▸ **Work item**:
What you return should match the material below line for line, except that no image appears in it.

▸ **Data block**:
=== Section Start ===

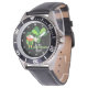 Maak je klaar om Saint Patrick's Day in stijl te vieren met dit hilarische horloge! Met een charmante handgetekende illustratie van een vreugdevolle kabouter die een pint bier voor een gigantische klaverblad draagt, zal dit horloge zeker de feestelijke geest verspreiden. De speelse boodschap "Let the Shenanigans Begin" is geschreven in verbluffende groen-witte kalligrafische typografieën, waarin al je vrienden worden uitgenodigd om deel te nemen aan de viering. De uren zijn gemarkeerd met witte cijfers. Dit feestelijke en grappige glas is een must-have voor een onvergetelijke Saint Patrick’s Day! 🍀🍻
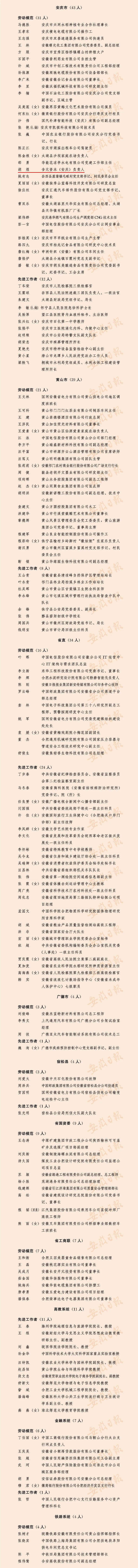 2022年安徽省勞動模范、先進工作者和先進集體名單
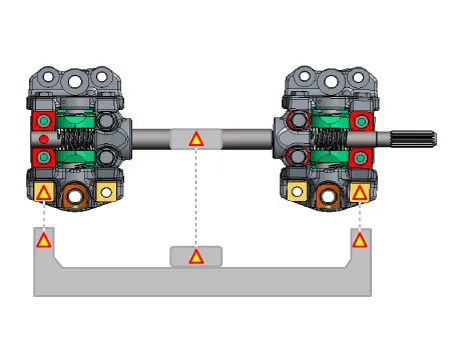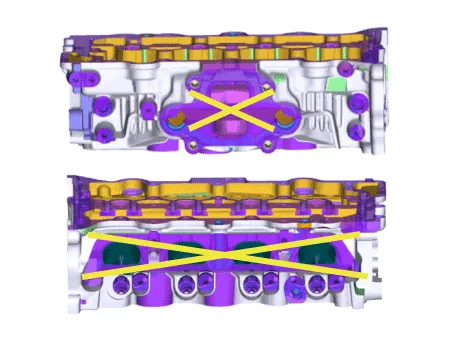 If CVVD fixing jig is available, be sure to work by using it. When Using the CVVD fixture 1. When installing the CVVD assembly mounting bolts (M6), tighten sequence shown. Tightening torque : 1ST 4.9 - 6.9 N.m (0.5 - 0.7 kgf.m, 3.6 - 5.1 lb-ft) 2nd 9.8 - 11.8 N.m (1.0 - 1.2 kgf.m, 7.2 - 8.7 lb-ft) |

=== Section End ===

▸ **The completed task**:
 Maak je klaar om Saint Patrick's Day in stijl te vieren met dit hilarische horloge! Met een charmante handgetekende illustratie van een vreugdevolle kabouter die een pint bier voor een gigantische klaverblad draagt, zal dit horloge zeker de feestelijke geest verspreiden. De speelse boodschap "Let the Shenanigans Begin" is geschreven in verbluffende groen-witte kalligrafische typografieën, waarin al je vrienden worden uitgenodigd om deel te nemen aan de viering. De uren zijn gemarkeerd met witte cijfers. Dit feestelijke en grappige glas is een must-have voor een onvergetelijke Saint Patrick’s Day! 🍀🍻
 2022年安徽省勞動模范、先進工作者和先進集體名單
 If CVVD fixing jig is available, be sure to work by using it. When Using the CVVD fixture 1. When installing the CVVD assembly mounting bolts (M6), tighten sequence shown. Tightening torque : 1ST 4.9 - 6.9 N.m (0.5 - 0.7 kgf.m, 3.6 - 5.1 lb-ft) 2nd 9.8 - 11.8 N.m (1.0 - 1.2 kgf.m, 7.2 - 8.7 lb-ft) |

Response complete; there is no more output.